● Information shown
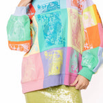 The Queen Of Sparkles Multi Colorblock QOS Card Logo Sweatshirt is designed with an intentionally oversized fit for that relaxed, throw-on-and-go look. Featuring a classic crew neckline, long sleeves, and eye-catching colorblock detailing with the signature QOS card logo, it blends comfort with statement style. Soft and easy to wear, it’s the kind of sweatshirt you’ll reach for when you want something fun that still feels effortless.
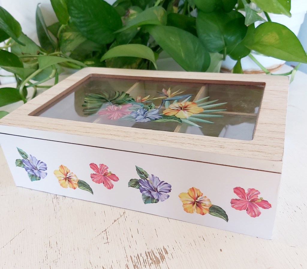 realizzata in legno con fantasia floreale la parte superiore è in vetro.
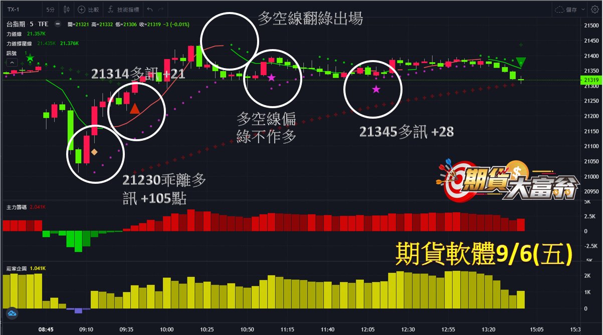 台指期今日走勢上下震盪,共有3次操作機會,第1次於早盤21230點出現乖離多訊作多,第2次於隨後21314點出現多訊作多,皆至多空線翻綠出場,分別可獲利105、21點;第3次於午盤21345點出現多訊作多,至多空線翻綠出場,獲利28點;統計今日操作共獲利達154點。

● What the exercise asks
Transcribe exactly the lines above, running from the one that contains "realizzata in legno" through the final line of the listing, and skip every picture.

● Result of this exercise
 realizzata in legno con fantasia floreale la parte superiore è in vetro.
 台指期今日走勢上下震盪,共有3次操作機會,第1次於早盤21230點出現乖離多訊作多,第2次於隨後21314點出現多訊作多,皆至多空線翻綠出場,分別可獲利105、21點;第3次於午盤21345點出現多訊作多,至多空線翻綠出場,獲利28點;統計今日操作共獲利達154點。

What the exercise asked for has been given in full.